The Covariance or Correlation matrix can be used, with the diagonal elements unchanged.
- The covariance matrix is used if the intention is to enable the future creating of factor scores directly from measurements of the variables concern.
- The correlation matrix is the same as the covariance matrix, except that all measurements are transformed to that with mean value=0 and Standard Deviation=1. It is more useful to researchers wishing to examine how the variables contribute to the factors, but the creation of subsequent factor scores requires the variables to be firstly converted the z value (z = (value-mean)/Standard Deviation).
Although the resulting Factor pattern matrix can be used to describe the relationship between the variables to each factor, the main purpose of the Principal Component Analysis is to use the Factor Pattern to create Factor Scores for clinical use.

There are numerous methods of extracting factors/components from a correlation or covariance matrix, each with its own assumptions and procedures.
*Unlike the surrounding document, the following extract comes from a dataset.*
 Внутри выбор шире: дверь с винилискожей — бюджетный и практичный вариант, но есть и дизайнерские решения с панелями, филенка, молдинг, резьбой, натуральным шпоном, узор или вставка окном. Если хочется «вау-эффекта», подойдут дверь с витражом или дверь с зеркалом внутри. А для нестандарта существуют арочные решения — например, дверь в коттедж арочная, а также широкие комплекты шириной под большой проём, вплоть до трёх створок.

Although they all produce approximately the same results, from the theoretical point of view, the results mean different things. StatTools does not cover most of the methods, only mention the Maximum Likelihood method, and describes the Jacobi Method.

The Maximum Likelihood method provides a good estimate of relationship between variables and their factors, and is usually used in Confirmatory Factor Analysis and in the Principal Factor model of Exploratory Factor Analysis.
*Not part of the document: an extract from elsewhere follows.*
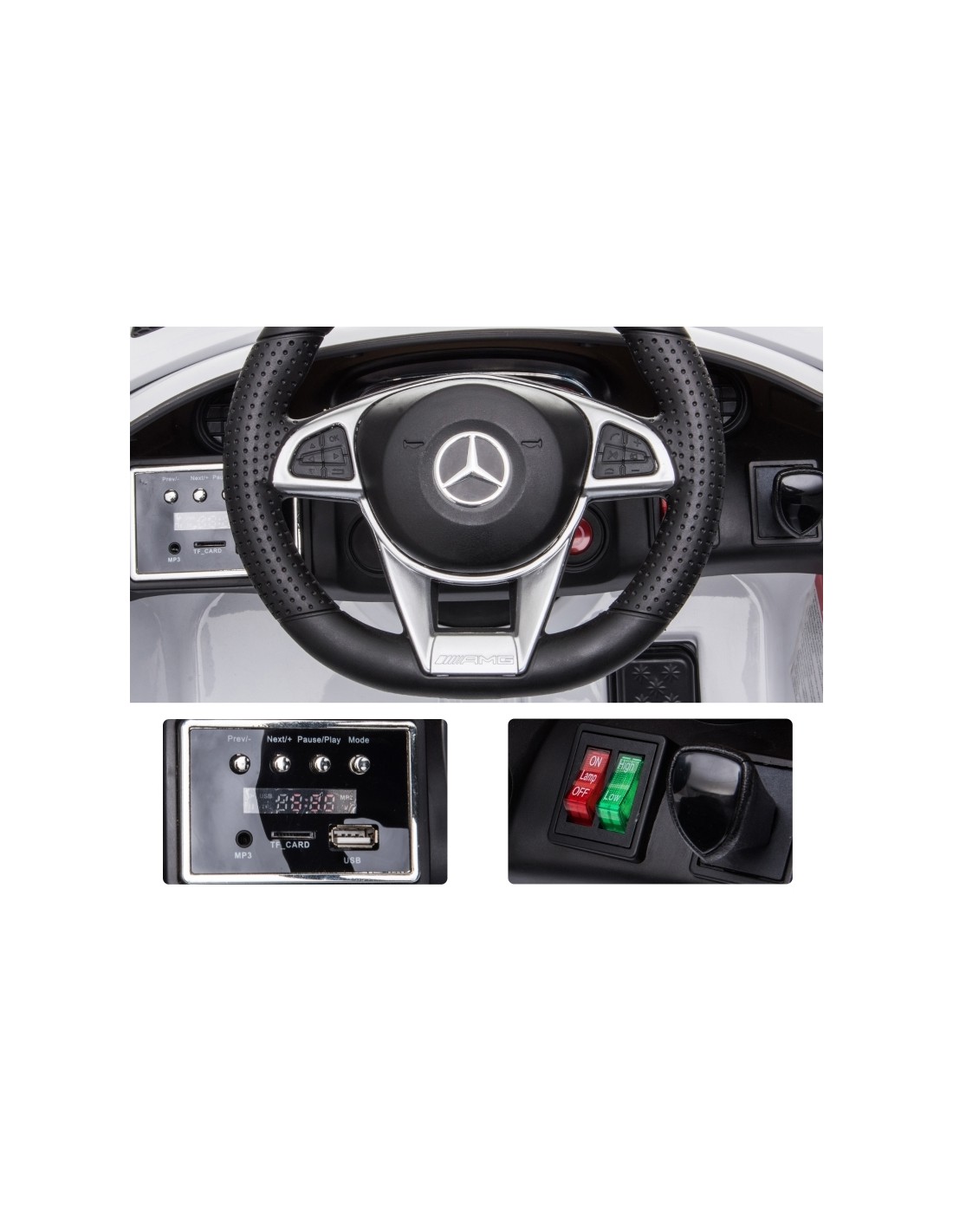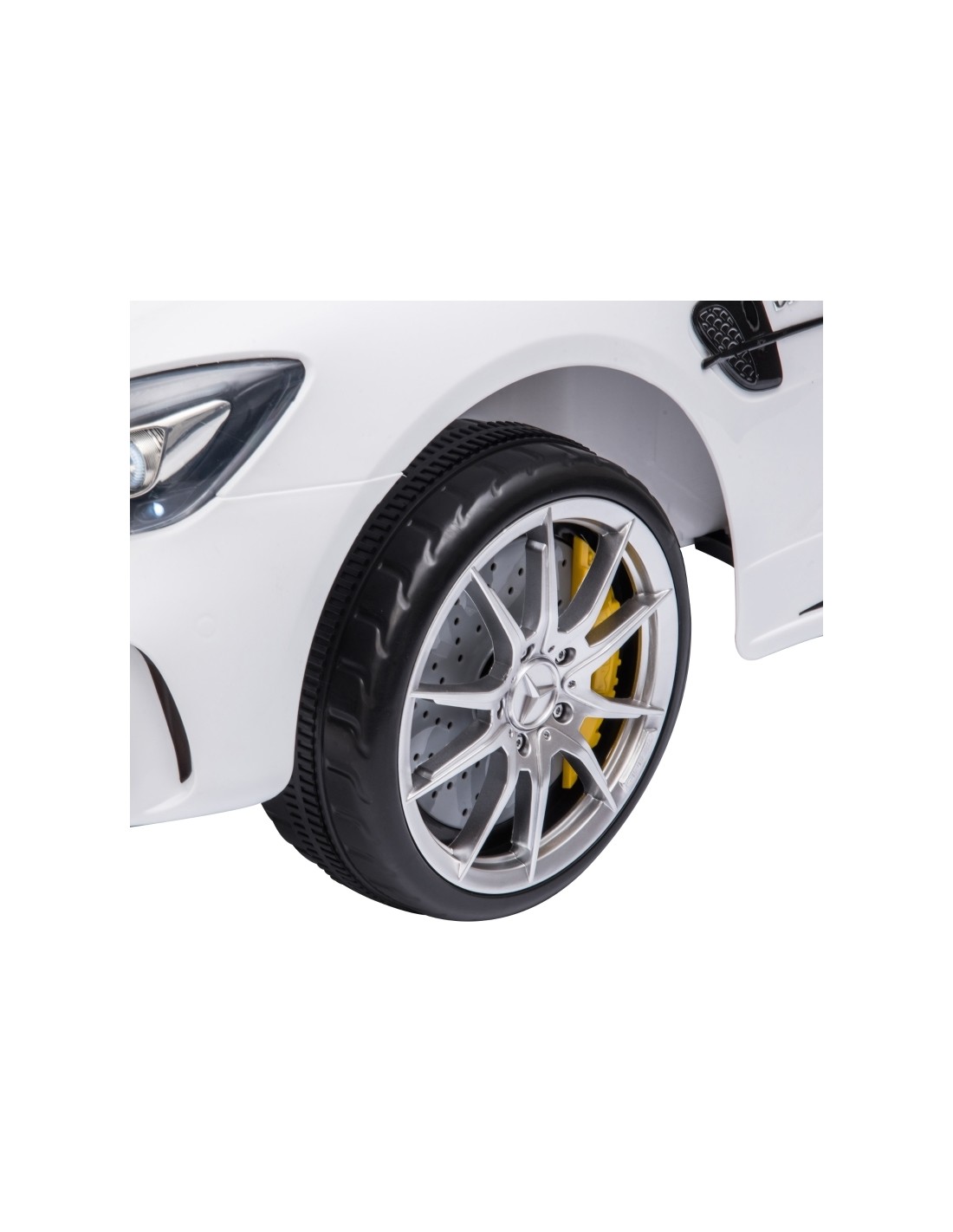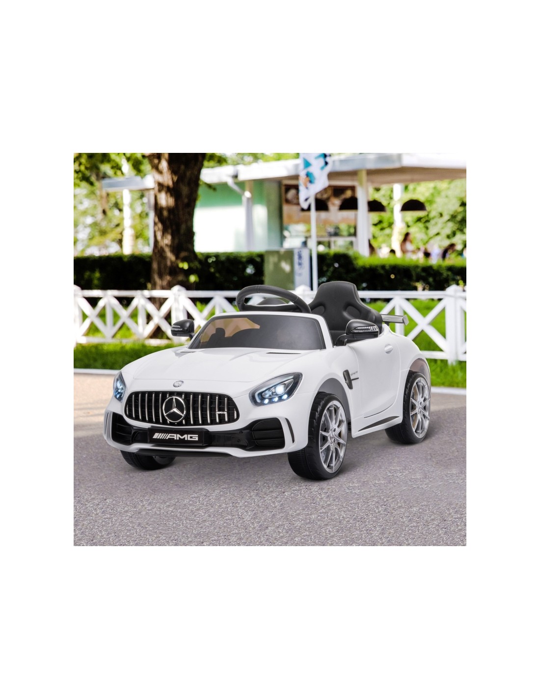 Mercedes AMG elbil til børn, udført i et design af hvid kunststof. Elbilen måler 105 cm i længden og 58 cm i bredden og har plads til et barn i alderen 3 - 5 år. Bilen kommer med forældre fjernbetjening og kører på 12V batteri med en ladetid på cirka 8 - 12 timer for fuld opladning. Bilens hastighed er 3 - 5 km/t og kan holde batteritid i op til 45 min.

The Jacobi method is essentially a mathematical rotation of the original matrix into a Principal Component matrix. The amount of information is retained, but the Principal Components contain a hierarchy of the variances, so that the major components can be retained for further analysis, while the minor ones contains only trivial information are discarded. This method is presented by StatTools as it is used as default by SPSS, and is the simplest, most commonly method of extraction used.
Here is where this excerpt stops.